Characterisation of a Vascular Prosthetic Material (Silcrothane)

Introduction. Vessel replacement is a major concern for surgeons, since autologous vessels are not always available and the use of prosthetic materials generally leads to complications such as thrombosis and restenosis. The aim of this study was to evaluate a new prosthetic material (silcrothane) for use as a vascular substitute. Materials and Methods. First, we analysed the prosthesis structure by light (LM) and scanning electron microscopy (SEM). Compatibility was tested (3 and 6 months) by implanting segments of prosthesis (1 cm in length) into the dorsal muscle of white New Zealand rabbits. These fragments were retrieved and processed for subsequent LM examination, to detect signs indicative of biological reaction provoked by the grafts in the host.

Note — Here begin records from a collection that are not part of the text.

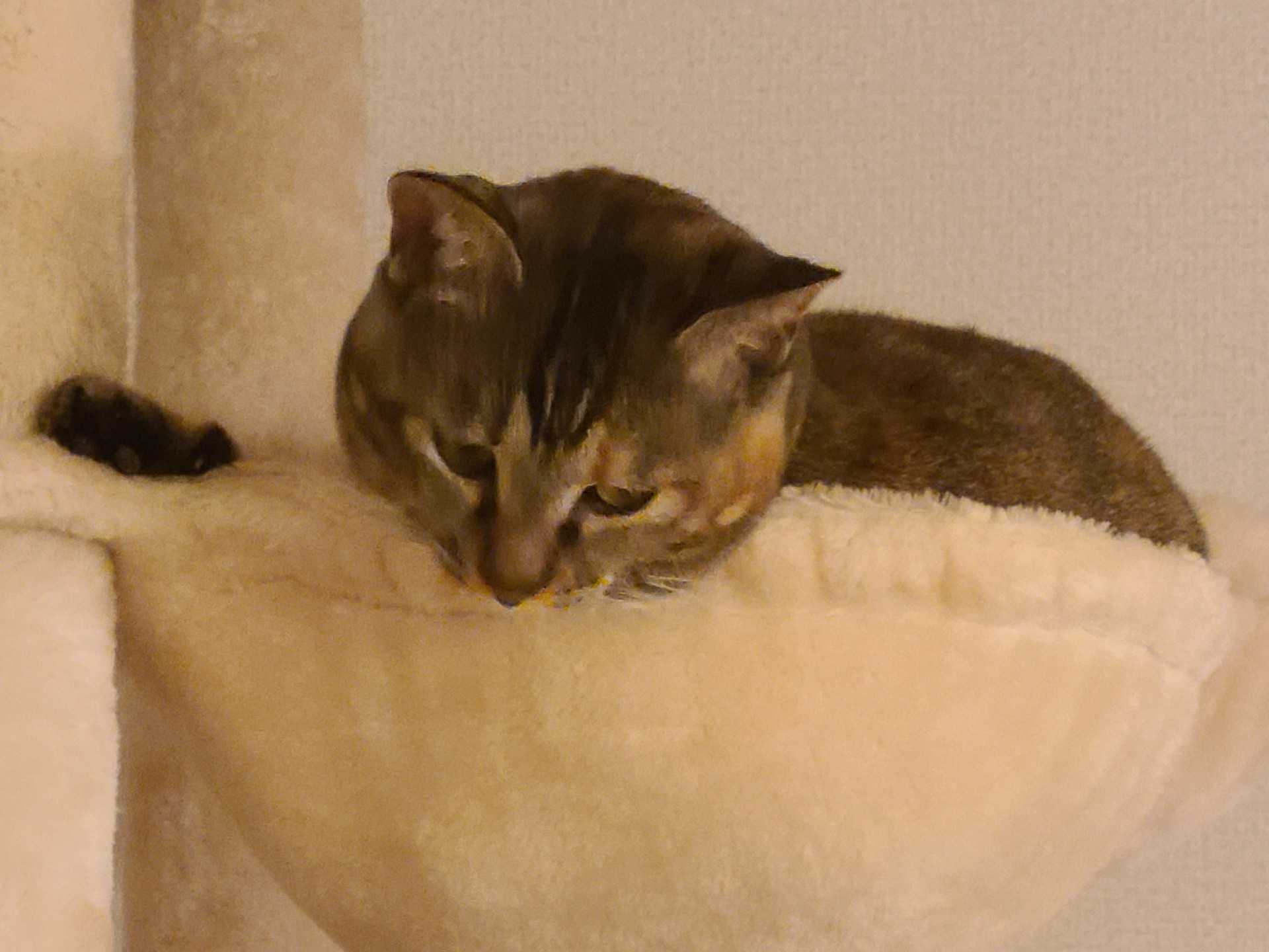 寒い❄️ので、かごから中々出られませんにゃ🐱⤴️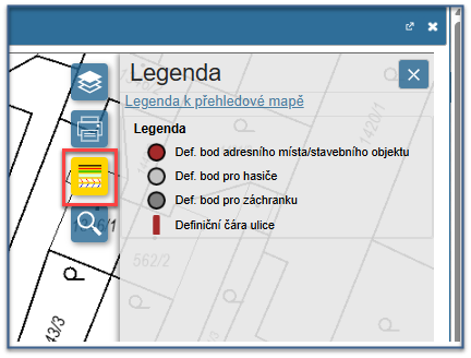 Bližší popis zobrazených prvků se nachází pod ikonou Legenda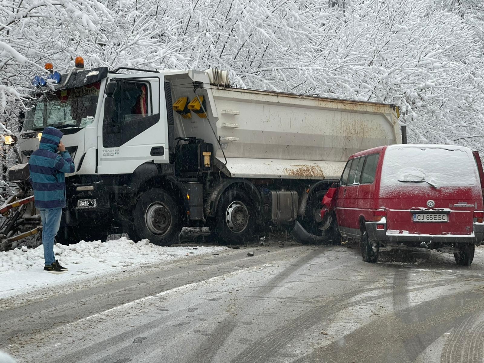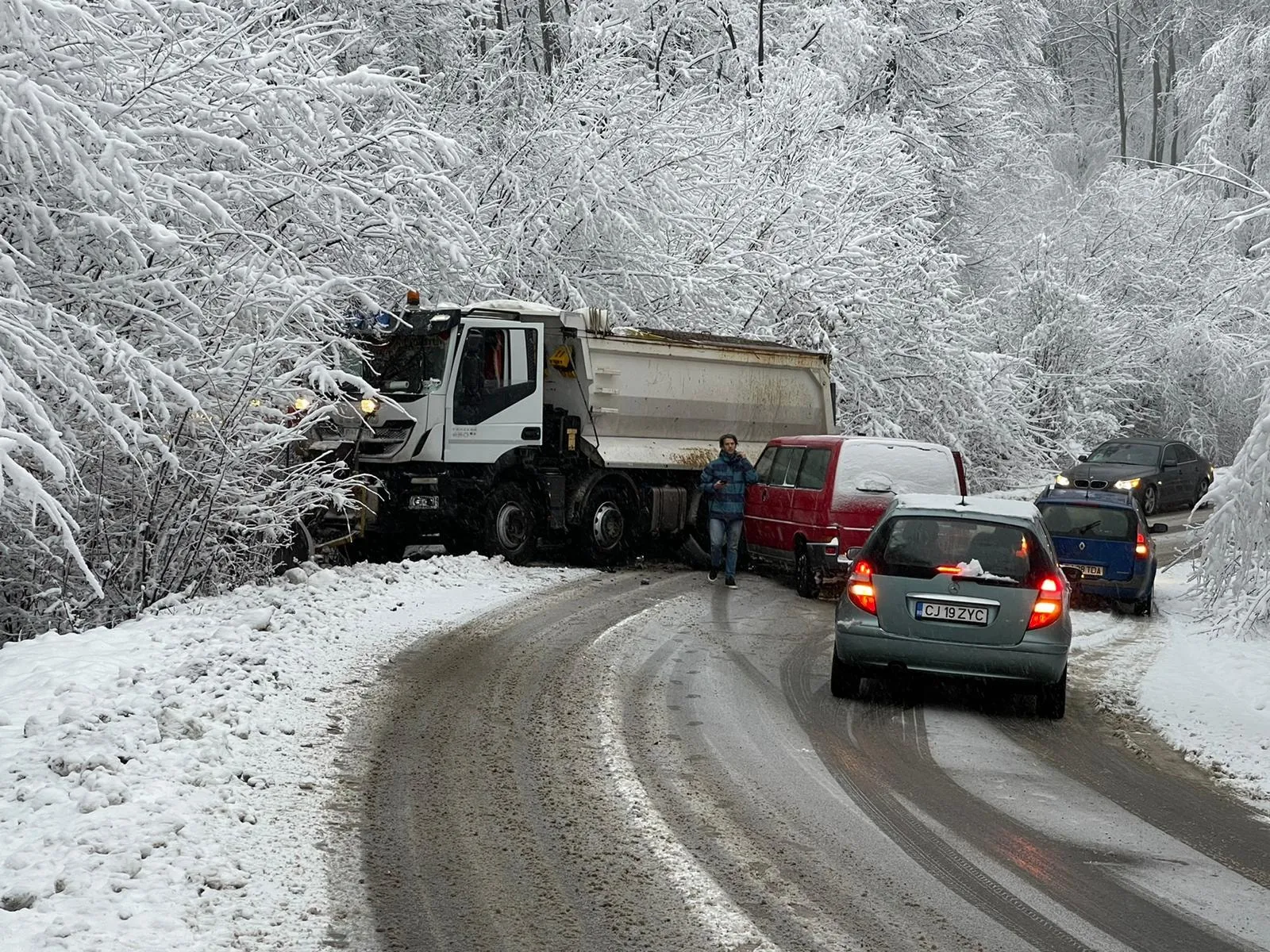 Traficul este blocat spre și dinspre Cluj-Napoca. Se pare că un șofer a lovit mașina de deszăpeziri.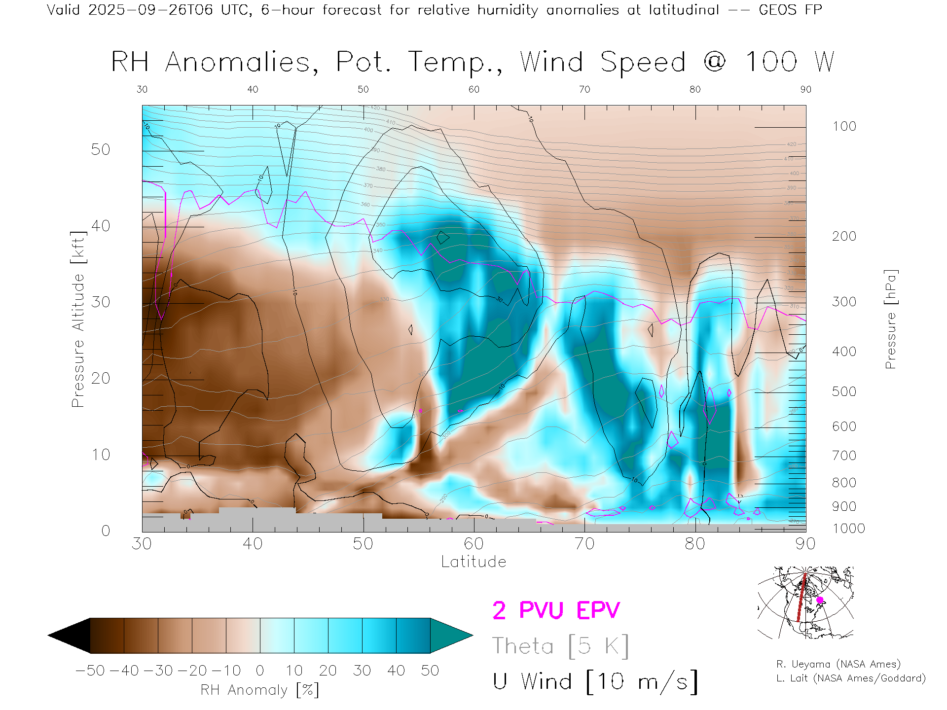 GEOS Forecast Rel. Hum. X-Section (100 W)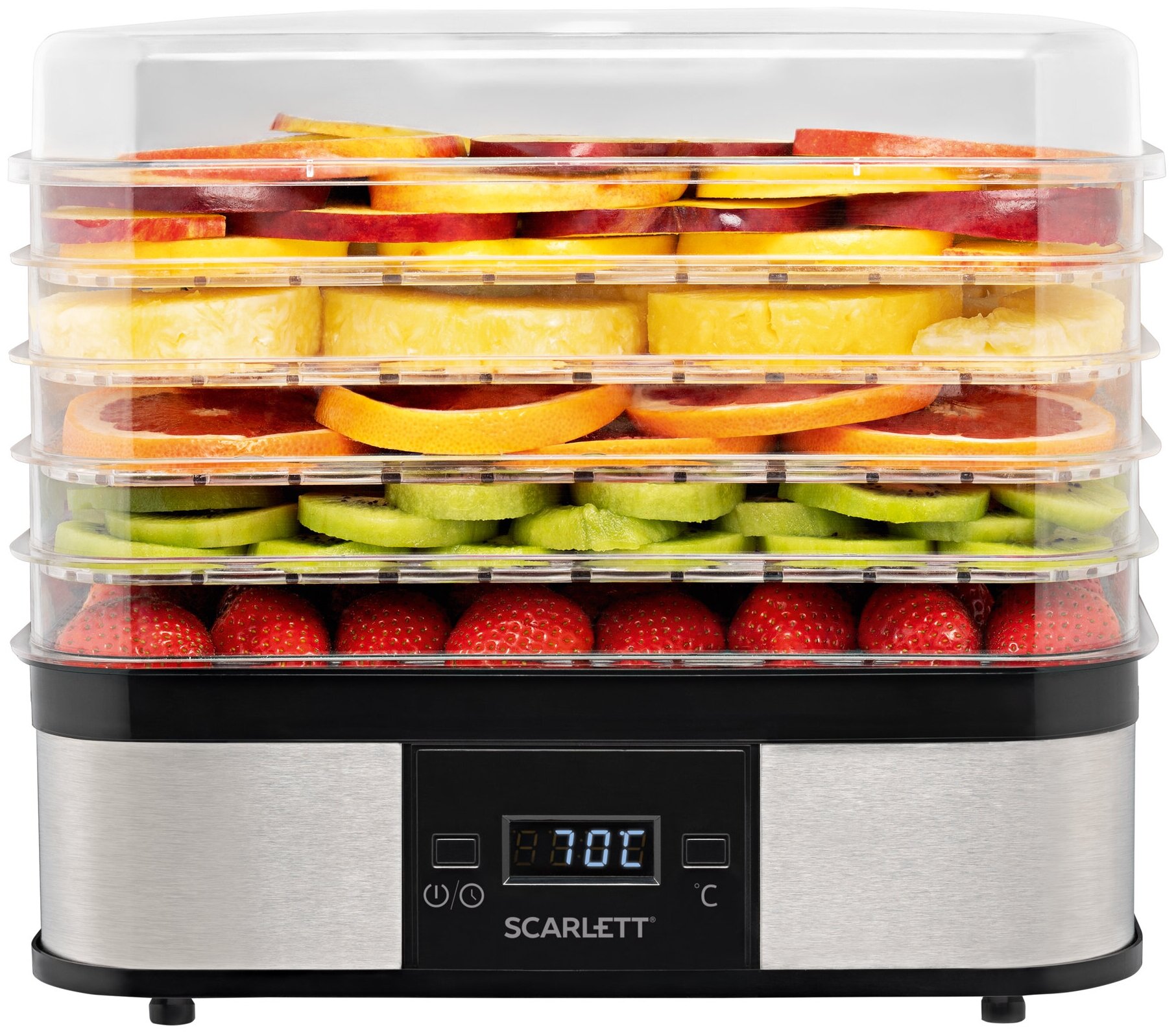 Сушилка для овощей и фруктов SCARLETT SC-FD421T19, нержавеющая сталь, 5 поддонов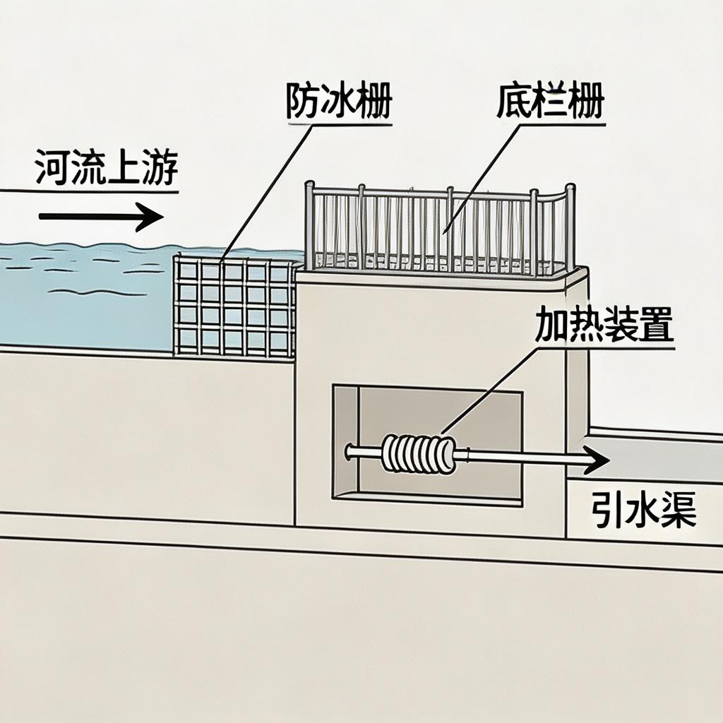 电加热装置可对廊道的入口进行加热,防止结冰,保证水流的通畅,避免冬季的取水中断。

A small prosthetic fragment was fixed in 10% formaldehyde for LM, and in 3% glutaraldehyde for SEM. Cuts were histologically examined after basic staining procedures and immunohistochemical methods (RAM-II, alfa-actin and MMP-12). Results. No signs of rejection were detected 3 and 6 months after implant in the experimental animals. On microscopy, concentric parallel layers running perpendicularly to the long axis of the silcrothane prosdlesis were observed. The composition of the prosthesis is fibrillar with the presence of numerous pores of different size and shape, with differences between the prosthetic surfaces. The silcrothane was embedded in neoformed tissue that was highly vascularised and rich in white blood cells and foreign body reaction cells. These cells were absent in the 6 month specimens. At 3 months, a thick cell barrier, showing the characteristics of white blood cells and many neovessels, could be seen between the prosthesis and host tissue. In areas where the cell barrier was most extensive, cones of cell infiltration similar to those observed at the inner surface - but larger - were detected. Conclusions. a) Silcrothane is highly stable and of a suitable structure for use as a vascular substitute. b) Its porous nature makes it ideal for cell colonisation. c) Biocompatibility and foreign body reaction trials showed the presence of neovessels around the prosthetic graft and a cell infiltrate penetrating the inner third of the transplanted prosthesis.